Example - g-factor calculation:

def calculate_g_factor(frequency_hz: float, field_gauss: float) -> float:
    """Calculate g-factor from resonance condition.

    Uses the EPR resonance condition: hν = gμBB

    Args:
        frequency_hz: Microwave frequency in Hz
        field_gauss: Magnetic field in Gauss

    Returns:
        Dimensionless g-factor

    References:
        Weil, J. A., & Bolton, J. R. (2007). Electron paramagnetic
        resonance: elementary theory and practical applications.
        John Wiley & Sons.
    """
    from epyr.physics import PLANCK, BMAGN

    # Convert Gauss to Tesla
    field_tesla = field_gauss * 1e-4

    # g = hν / (μB * B)
    return (PLANCK * frequency_hz) / (BMAGN * field_tesla)

Common Contribution Areas

Areas where contributions are especially welcome:

  1. New File Formats: Support for other spectrometer manufacturers

  2. Analysis Algorithms: Advanced peak fitting, simulation

  3. Visualization: Interactive plots, publication templates

  4. Data Processing: Noise reduction, phase correction

  5. Integration: Bridges to other software (Origin, MATLAB)

Code Review Process

What to Expect

  1. Automated Checks: CI runs tests and style checks

  2. Maintainer Review: Core team reviews code and design

  3. Community Feedback: Other users may comment

  4. Iteration: Expect requests for changes or improvements

Review Criteria

  • Correctness: Does the code work as intended?

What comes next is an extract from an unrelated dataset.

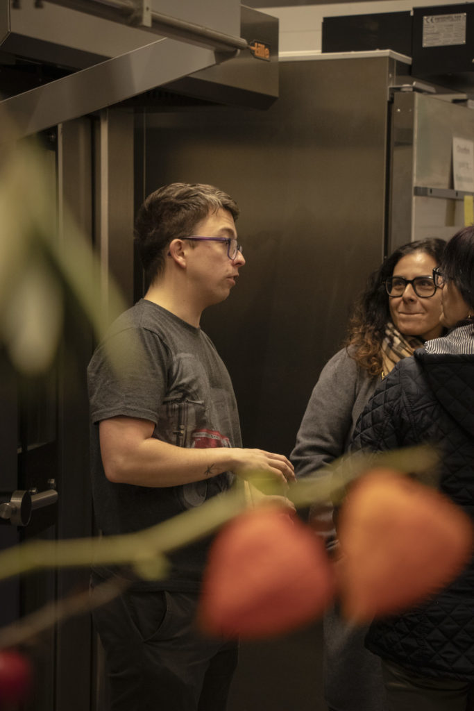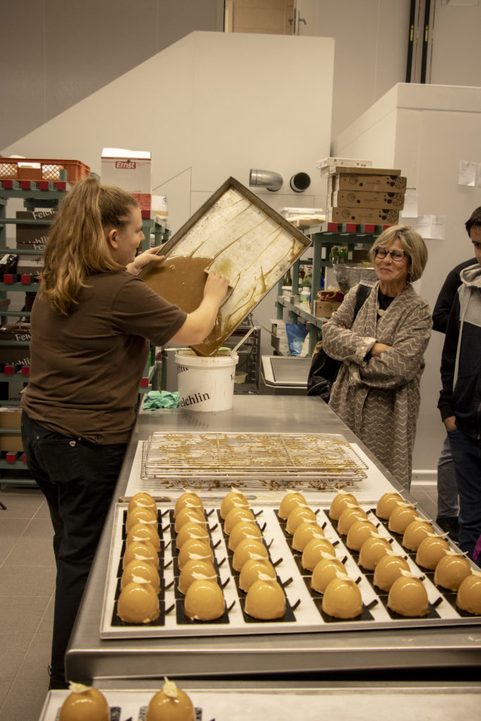 L’allocution débuta par un bref retour sur les grandes étapes du développement du commerce: l’ouverture en 2007, la rénovation de 2011, le déménagement de Ronny (qui habitait à l’étage !) pour agrandir les laboratoires, et l’aménagement de nouveaux bureaux en 2022, entre autres. La suite du discours fut rythmée par des remerciements adressés aux entreprises partenaires, aux autorités locales, aux fournisseurs, aux 35 collaborateurs de l’entreprise et, bien évidemment, aux quelques 370’000 (!) clients franchissant chaque année la porte de la Boulangerie.

  • Testing: Are there adequate tests?

  • Documentation: Is it properly documented?

  • Style: Does it follow project conventions?

  • Performance: Is it reasonably efficient?

  • Compatibility: Works with supported Python versions?

Getting Help

If you need help contributing:

  1. GitHub Discussions: Ask questions about implementation

  2. Issues: Tag issues with “help wanted” or “good first issue”

  3. Email: Contact maintainers for major changes

  4. Documentation: Check existing docs and examples

Recognition

Contributors are recognized in:

  • CHANGELOG.md: Major contributions noted in release notes

  • AUTHORS: List of all contributors

  • Git History: Detailed commit attribution

  • Documentation: Citation in relevant sections

Thank you for contributing to EPyR Tools and supporting the EPR research community!